In [1]:
import numpy as np
import matplotlib.pyplot as plt
import seaborn as sns
sns.set(context='talk', style='ticks',
        color_codes=True, rc={'legend.frameon': False})

%matplotlib inline

In [2]:
import tensorflow as tf
print(tf.__version__)
print("Num GPUs Available: ", len(tf.config.experimental.list_physical_devices('GPU')))

2.0.0
Num GPUs Available:  1


In [36]:
def create_masked_input_dataset(sequence_path,
                                max_sequence_length=512,
                                limit=None,
                                batch_size=20,
                                buffer_size=1024,
                                vocab_size=32000,
                                mask_index=4,
                                vocab_start=5,
                                fix_sequence_length=False,
                                masking_freq=.15,
                                mask_token_freq=.8,
                                mask_random_freq=.1,
                                filter_bzux=True,
                                shard_num_workers=None,
                                shard_worker_index=None):

    
    def encode(line_tensor):
        line = line_tensor.numpy().decode('utf8')

        if len(line) > max_sequence_length:
            offset = np.random.randint(
                low=0, high=len(line) - max_sequence_length + 1)
            line = line[offset:(offset + max_sequence_length)]

        vocab = ['A', 'C', 'D', 'E', 'F', 'G', 'H', 'I', 'K',
                 'L', 'M', 'N', 'P', 'Q', 'R', 'S', 'T', 'V', 
                 'W', 'Y', 'U', 'O']

        replacement_dict = {key: i + 2 for i, key in enumerate(vocab)}
        return np.asarray([replacement_dict[item] for item in line])

    
    def encode_tf(line_tensor):
        return tf.py_function(encode, inp=[line_tensor], Tout=[tf.int32,])

    
    def mask_input(input_tensor):
        """ Randomly mask the input tensor according to the formula perscribed by BERT. 
        Randomly masks 15% of input tokens, with 80% recieving the [MASK] token,
        10% randomized, 10% left unchanged. 
        
        Returns
        -------
        
        masked_tensor: (batch_size, seq_length) 
            Tensor with masked values
        input_tensor: (batch_size, seq_length)
            Original input tensor (true values)
        input_mask: (batch_size, seq_length)
            Boolean mask that selects the desired inputs.    
        """

        mask_score = tf.random.uniform(input_tensor.shape, maxval=1, dtype=tf.float32)
        input_mask = mask_score < masking_freq

        # Randomly masks 15% of input tokens, Mask with [MASK] token 80% of the time
        mask_mask = mask_score <= 0.15 * mask_token_freq

        # Mask with random token 10% of the time
        mask_random = (mask_score >= 0.15 * (1. - mask_random_freq)) & input_mask

        # Tensors to replace with where input is masked or randomized
        mask_value_tensor = tf.ones(input_tensor.shape, dtype=tf.int32) * mask_index
        random_value_tensor = tf.random.uniform(
            input_tensor.shape, minval=vocab_start, maxval=vocab_size, dtype=tf.int32)
        pad_value_tensor = tf.zeros(input_tensor.shape, dtype=tf.int32)

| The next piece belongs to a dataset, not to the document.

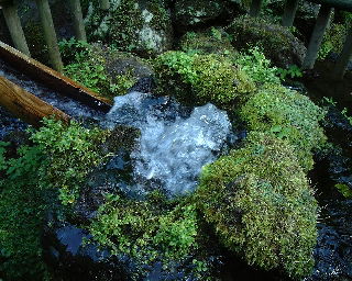 | 母と妻は「ほたて定食」。味、ボリュームとも満点。 | 写真は京極町にある「ふきだし公園」。羊蹄山の雪解け水が噴出していて自由に汲んだり、飲んだりできる。 |

        # Use the replacements to mask the input tensor
        masked_tensor = tf.where(mask_mask, mask_value_tensor, input_tensor)
        masked_tensor = tf.where(mask_random, random_value_tensor, masked_tensor)
        
        # Set true values to zero (pad value) where not masked
        true_tensor = tf.where(input_mask, input_tensor, pad_value_tensor)

        return masked_tensor, true_tensor


    def mask_input_tf(input_tensor):
        a, c = tf.py_function(mask_input, inp=[input_tensor],
                                 Tout=[tf.int32, tf.int32])
        return (a, c)


    dataset = tf.data.TextLineDataset(sequence_path)
    if limit:
        dataset = dataset.take(limit)
    
    if shard_num_workers:
        dataset = dataset.shard(shard_num_workers, shard_worker_index)
    
    if filter_bzux:
        bzux_filter = lambda string: tf.math.logical_not(
            tf.strings.regex_full_match(string, '.*[BZUX].*'))
        dataset = dataset.filter(bzux_filter)
        
    encoded_data = dataset\
        .map(encode_tf, num_parallel_calls=tf.data.experimental.AUTOTUNE)\
        .map(mask_input_tf, num_parallel_calls=tf.data.experimental.AUTOTUNE)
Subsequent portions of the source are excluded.